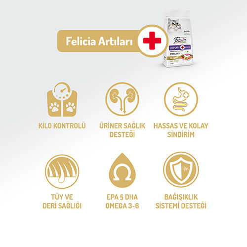 Özel olarak geliştirilen Felicia Adult Cat Sterilised kısırlaştırma sonrası hassaslaşan ve yeme eğilimi artan
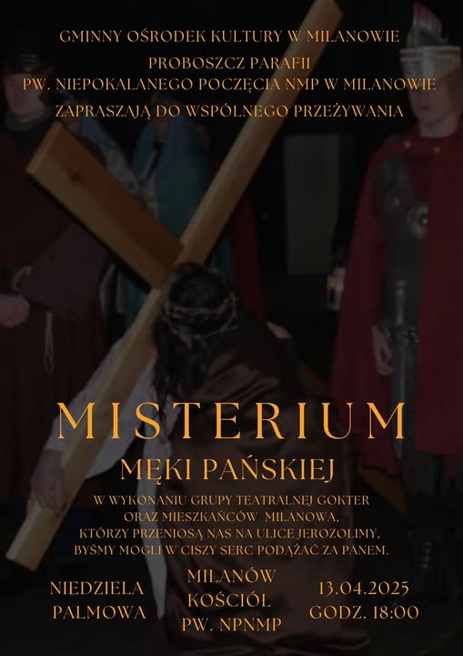 W parafii Niepokalanego Poczęcia Najświętszej Maryi Panny w Milanowie grupa teatralna GOKTER oraz mieszkańcy miejscowości zaprezentują Misterium Męki Pańskiej, które rozpocznie się o 18:00. Przedstawienie przybliży parafianom ostatnią drogę Pana Jezusa.
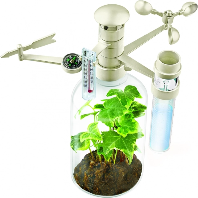 Забавна и образователна метеорологична станция за деца от 5 години. Тази станция позволява на децата да наблюдават и записват данни за времето с помощта на мини обсерватория и да разберат ефектите от парниковия ефект чрез бутилка с терариум.
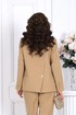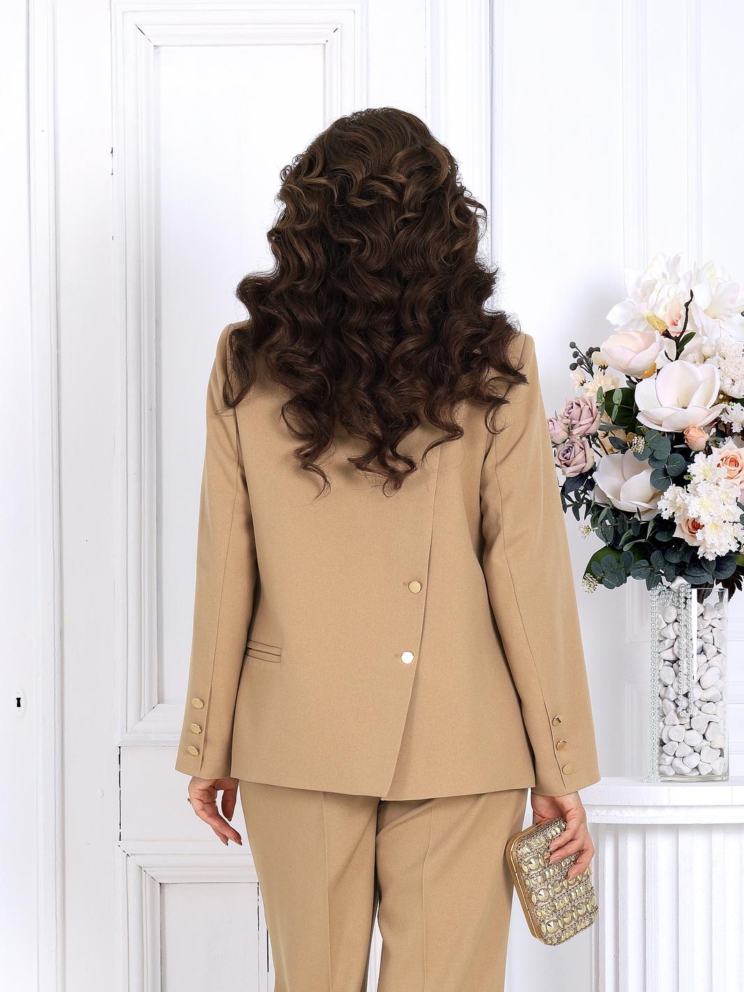Жакет двубортный, полуприлегающего силуэта, выполнен из костюмной поливискозы. Модель на подкладке, с плечевыми накладками. Спереди обработаны рельефные швы, направленные от пройм до низа; в нижней части переда расположены прорезные карманы с клапаном. Перед со смещенной внешней застежкой на 2 декоративные пуговицы и внутренней на 2 потайные. Спинка асимметричная, с одним косым рельефным швом, направленным от правого плечевого до низа; в шве обработана высокая шлица с застежкой на 2 декоративные пуговицы. На нижней части спинки, слева – имитация прорезного кармана «в рамку». Воротник пиджачного типа. Рукав длинный, втачной; в нижней части локтевого шва – имитация шлицы с застежкой на 3 пуговицы. Длина жакета - 66 см; длина рукава - 61 см.

REQUIREMENT:
Each line of the data needs to be output exactly, with any image excluded.

EXPECTED ANSWER:
 Özel olarak geliştirilen Felicia Adult Cat Sterilised kısırlaştırma sonrası hassaslaşan ve yeme eğilimi artan
 W parafii Niepokalanego Poczęcia Najświętszej Maryi Panny w Milanowie grupa teatralna GOKTER oraz mieszkańcy miejscowości zaprezentują Misterium Męki Pańskiej, które rozpocznie się o 18:00. Przedstawienie przybliży parafianom ostatnią drogę Pana Jezusa.
 Забавна и образователна метеорологична станция за деца от 5 години. Тази станция позволява на децата да наблюдават и записват данни за времето с помощта на мини обсерватория и да разберат ефектите от парниковия ефект чрез бутилка с терариум.
Жакет двубортный, полуприлегающего силуэта, выполнен из костюмной поливискозы. Модель на подкладке, с плечевыми накладками. Спереди обработаны рельефные швы, направленные от пройм до низа; в нижней части переда расположены прорезные карманы с клапаном. Перед со смещенной внешней застежкой на 2 декоративные пуговицы и внутренней на 2 потайные. Спинка асимметричная, с одним косым рельефным швом, направленным от правого плечевого до низа; в шве обработана высокая шлица с застежкой на 2 декоративные пуговицы. На нижней части спинки, слева – имитация прорезного кармана «в рамку». Воротник пиджачного типа. Рукав длинный, втачной; в нижней части локтевого шва – имитация шлицы с застежкой на 3 пуговицы. Длина жакета - 66 см; длина рукава - 61 см.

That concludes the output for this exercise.